# Rat Litter!!! Help!!!



## NewlyRats (Mar 30, 2011)

Ok I just literally found out a minute ago that my female rat gave birth. I had no idea she was pregnant and now she is in a cloth tunnel with a bunch of babies. It's a tunnel hanging in the middle of the cage and there are spots of blood on it so I'm assuming she just gave birth today. My big worry is if the male will do anything to her or the babies. Please help and give me some advice. I need to know if I should move the male rat out to another cage or move the babies out of the tunnel or something. The cage is a large 3 level ferret cage and I don't want these babies growing up with levels to fall off of.
I'm not a breeder and this is a total mistake so any advice is warmly welcomed. Thank you.


----------



## toyxxhearts (Mar 1, 2011)

Someone else can probably offer more help but I would get a different cage set up for the mom and babies. One that the babies wont be able to get out of later and one where the mom can't put them up high. And definitely move them (or move the whole tube to the bottom of the cage you set up for them) there is a big chance of one or more getting knocked out or crawling out of the tube and falling. Hope someone else can offer some more advice soon!


----------



## Kinsey (Jun 14, 2009)

Uhm, aside from the fact that I really want to yell at you for having a male in with a female at all, I will try to be helpful. (I mean, what did you expect would happen? They aren't going to become best friends and dance in a circle singing Kumbaya!)

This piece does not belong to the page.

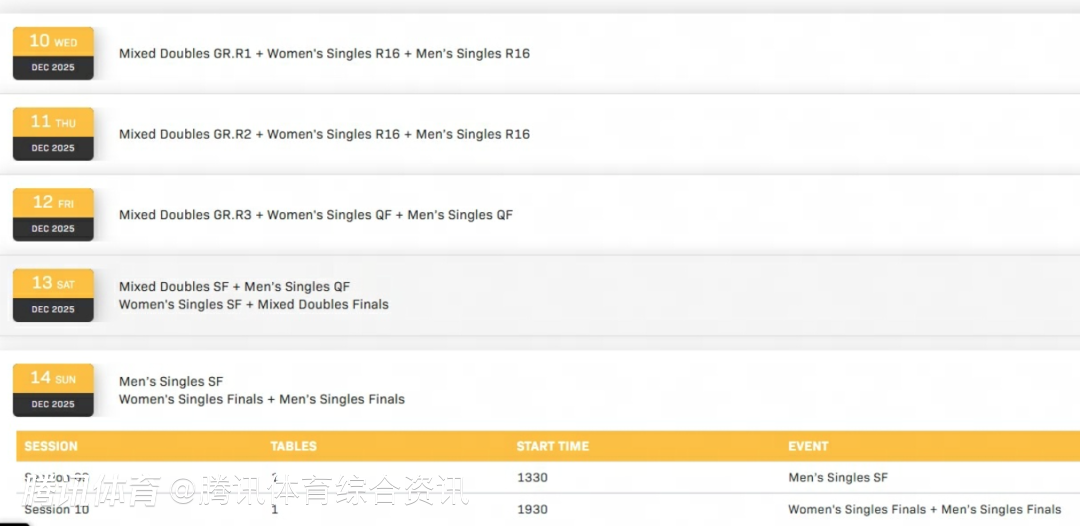 12月13日(周六):混双半决赛、男子单打1/4决赛、女子单打半决赛、混双决赛;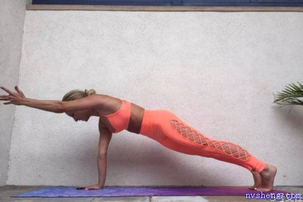 1、右手往头顶方向高举伸直,左手弯曲,抓住右手的手肘处。

Remove the female right away, she may already be pregnant again, and the male could kill the babies. You need to move the babies and mother into an aquarium or bin cage so that the babies will not fall or come out of the bars. The blood is from her giving birth and it is normal. Once she's in a baby-safe cage, give her nesting material and she will build a nest for the babies. You can just move the entire tube over, and lay it on the ground in there. Check the pups for milk bands, and then leave her alone for now. She might be bitey, so be careful when you move the tube. She also needs more protein and nutrients, so offer her some oatmeal and scrambled egg along with her normal diet.


----------



## NewlyRats (Mar 30, 2011)

Thank you for your advice. It was suppose to be two females and I got them from a pet store when they were really small and now they are close to full grown and I can now see that one of them is a male. I did not do this intentionally. I will definitely separate the female and her babies into a separate cage and give her some protein. What would be the best kind of nesting material to put in for mom to make a nest with?


----------



## Kiko (Sep 18, 2009)

Shredded paper towels  They are the safest for sensitive babies.

How many did she have? Are you going to keep he father?


----------



## BVR.rats (Sep 17, 2009)

The biggest problem is that as soon as she finishes giving birth she will go into heat again. If the male gets near her during this time, she may already be re-bred. Males are actually usually excellent fathers and have no reason to kill their own babies - these aren't hamsters.  Still, because he WILL re-breed her, he needs to be removed immediately.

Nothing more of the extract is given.